Our neural transition system is built upon standard embedding-based word representations, and then is improved with dependency-aware representations by using recursive TreeLSTM (Tai, Socher, and Manning 2015). Concretely, we embed the surface words, characters, POS tags and dependency structures as input representations. During decoding, we represent the transition states by using standard BiLSTM (Hochreiter and Schmidhuber 1997) and Stack-LSTM (Dyer et al. 2015) to encode the elements in buffers and stacks, respectively. Finally, we predict transition actions incrementally based on the state representations.

We conduct experiments on dependency-based SRL benchmarks, including CoNLL09 (Hajič et al. 2009) for the English language, and Universal Proposition Bank (Akbik et al. 2015; Akbik and Li 2016) for seven other languages. Our end-to-end neural transition model wins the best results against the baselines, giving the state-of-the-art performances on both the predicate identification and argument role labeling, meanwhile keeping efficient on decoding. We also show that with recent contextualized word representations, e.g., ELMo (Devlin et al. 2019), BERT (Peters et al. 2018) or XLNet (Yang et al. 2019), the overall SRL performances can be further improved. In-depth analysis is conducted to uncover the important components of our final model, which can help comprehensive understanding of our model. Following we summarize our contributions:

$\bullet$ We fill the gap in the literature of employing neural transition-based model for end-to-end SRL. We also enhance the parsing procedure with a close-first scheme.

$\bullet$ We compose the high-order features (i.e., with one more predicate-role attachments from multiple predicates) in our transition framework for end-to-end SRL to model long-term substructure information explicitly.

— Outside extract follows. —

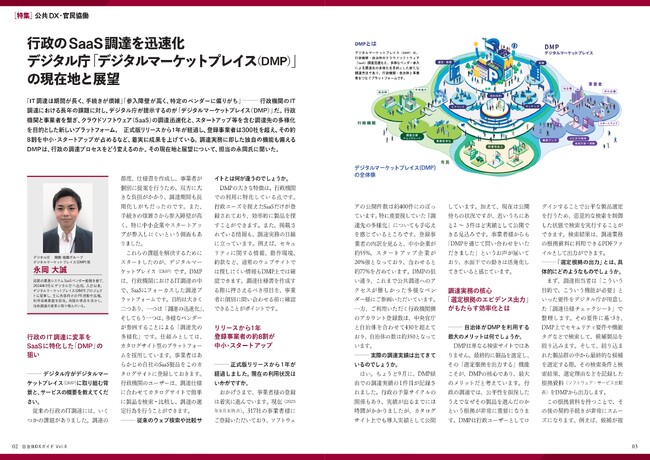 一般社団法人自治体DX推進協議会(所在地:東京都港区、以下「GDX」)は、このたび発行した会報誌『自治体DXガイド Vol.8』において、デジタル庁 戦略・組織グループ デジタルマーケットプレイス(DMP)班の永岡大誠氏へのインタビューを実施し、行政機関のIT調達を変革する「デジタルマーケットプレイス(DMP)」の現在地と展望について伺いました。

$\bullet$ Our transition framework wins new state-of-the-art performances against all current graph-based methods on benchmark datasets, meanwhile being faster on decoding.

2 Related Work

Gildea and Jurafsky (2000) pioneer the task of semantic role labeling, as a shallow semantic parsing. Approaches for SRL can be largely divided into two folds. Earlier efforts are paid for designing hand-crafted discrete features with machine learning classifiers (Pradhan et al. 2005; Punyakanok, Roth, and Yih 2008; Zhao et al. 2009). Later, A great deal of work takes advantages of neural networks with automatic distributed features (FitzGerald et al. 2015; Roth and Lapata 2016; Marcheggiani and Titov 2017; Strubell et al. 2018; Fei, Zhang, and Ji 2020). Also it is worth noticing that many previous work shows that integrating syntactic tree structure can greatly facilitate the SRL (Marcheggiani, Frolov, and Titov 2017; Zhang, Wang, and Si 2019; Fei et al. 2020).

Prior works traditionally separate the SRL into two individual subtasks, i.e., predicate disambiguation and argument role labeling. They mainly conduct argument role labeling based on the pre-identified predicate oracle. More recently, several researches consider the end-to-end solution that handles both two subtasks by one single model. All of them employs graph-based neural model, exhaustively enumerating all the possible predicate and argument mentions, as well as their relations (He et al. 2018; Cai et al. 2018; Li et al. 2019; Fei, Ren, and Ji 2020). The distinctions among them are quite slight, mostly lying in the encoder, or relation scorer. For example, He et al. (2018) use the BiLSTM (Hochreiter and Schmidhuber 1997) as base encoder, and use a feed-forward layer as predicate-argument relation scorer, while Cai et al. (2018) employ a biaffine scorer, and Li et al. (2018) enhance the BiLSTM with highway connections.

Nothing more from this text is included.